The task
No pictures belong in the copy. Reproduce exactly the lines beginning at the line containing "Ces tasses en" and continuing to the end of the entries below.

Extracted material
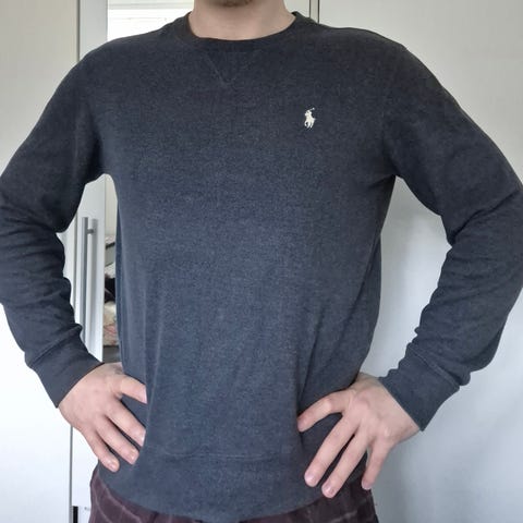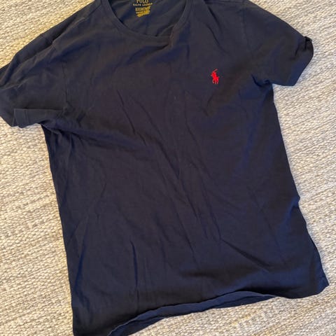 Ralph Lauren T-skjorte i størrelse S for menn. T-skjorten er blå og laget av bomull. Den har en enkel design med Ralph Laurens logo brodert på brystet. Det er en slitasje ved halsen, se siste bilde.
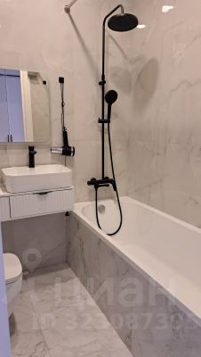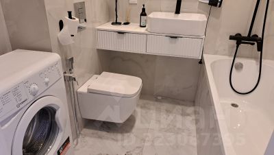Комфортная ванная комната: Просторная ванная комната оснащена полноценной ванной (что является преимуществом для студий) и современной стиральной машиной.
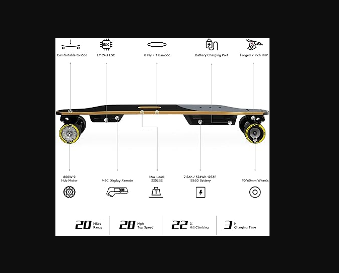 MEEPO Campus V3 Series/Envy Electric Skateboard with Remote, Top Speed Up to 29 Mph, 4 Speed Smooth Braking, Easy Carry Handle Design, Suitable for Adults & Teens
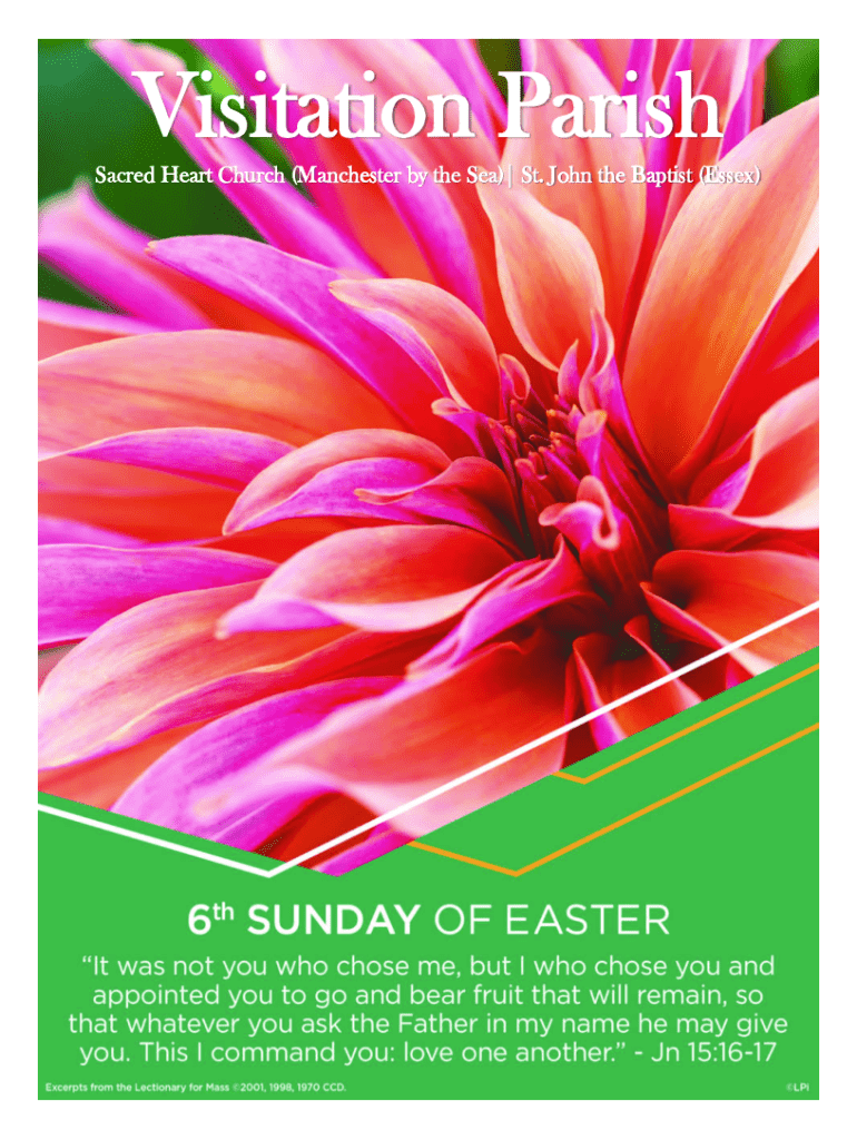 Sacred Heart Church (Manchester by the Sea)| St. John the Baptist (Essex)Sixth Sunday of Easter May 5, 2024Visitation Parish StaffLiturgy Schedule Rev. Paul Flavia, Pastor
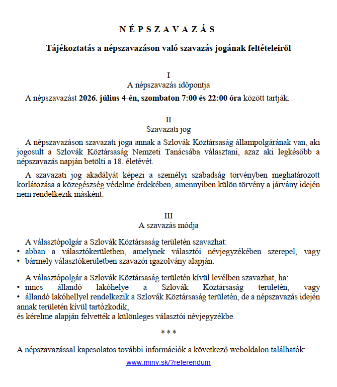 Tájékoztatás a népszavazáson való szavazás jogainak feltételeiről
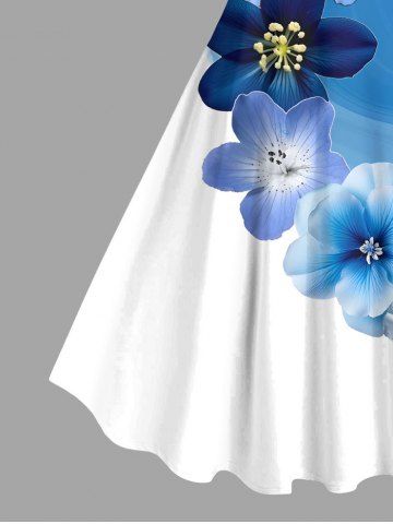 Plus Size Ombre Floral Ink Painting Print Hawaii A Line Tank Dress - Blue - Xs
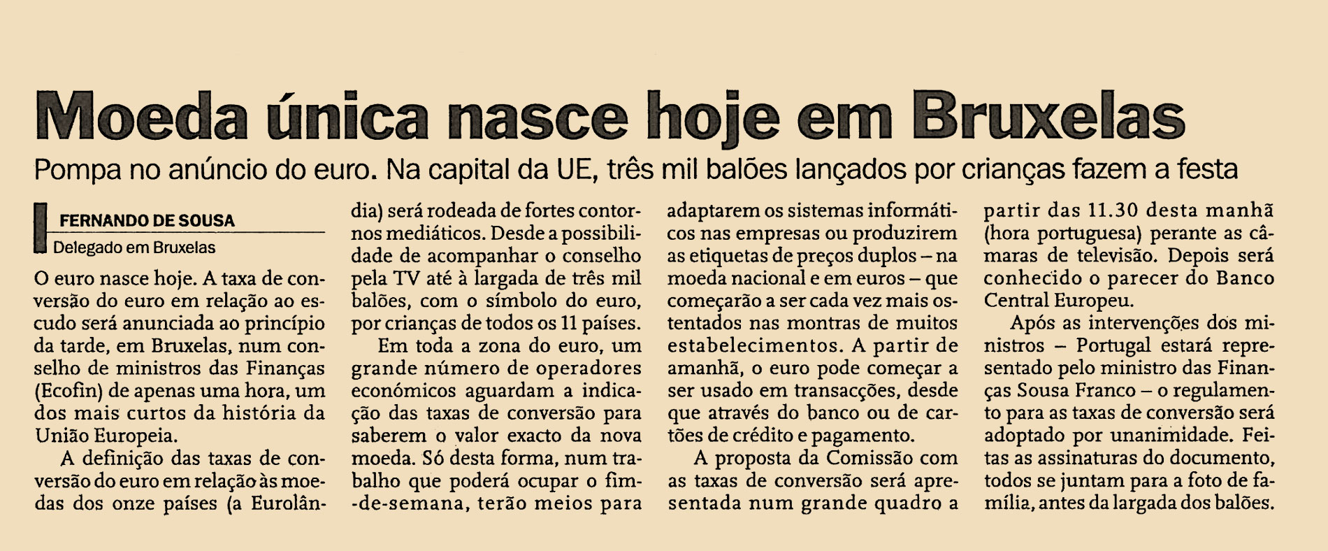 O euro nasce hoje. A taxa de conversão do euro em relação ao escudo será anunciada ao princípio da tarde, em Bruxelas, num conselho de ministros das Finanças (Ecofin) de apenas uma hora, um dos mais curtos da história da União Europeia.
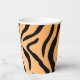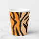 Ces tasses en papier présentent un imprimé faux Tiger avec des bandes de Tiger simulées en noir sur un arrière - plan orange dégradé.
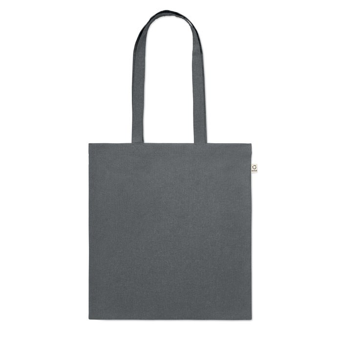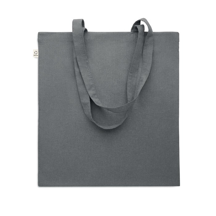 Recycled pre-consumer cotton shopping bag (70% recycled cotton and 30% RPET) with long handles. 140 gr/m². This item can shrink after printing.

Answer to this task
 Ces tasses en papier présentent un imprimé faux Tiger avec des bandes de Tiger simulées en noir sur un arrière - plan orange dégradé.
 Recycled pre-consumer cotton shopping bag (70% recycled cotton and 30% RPET) with long handles. 140 gr/m². This item can shrink after printing.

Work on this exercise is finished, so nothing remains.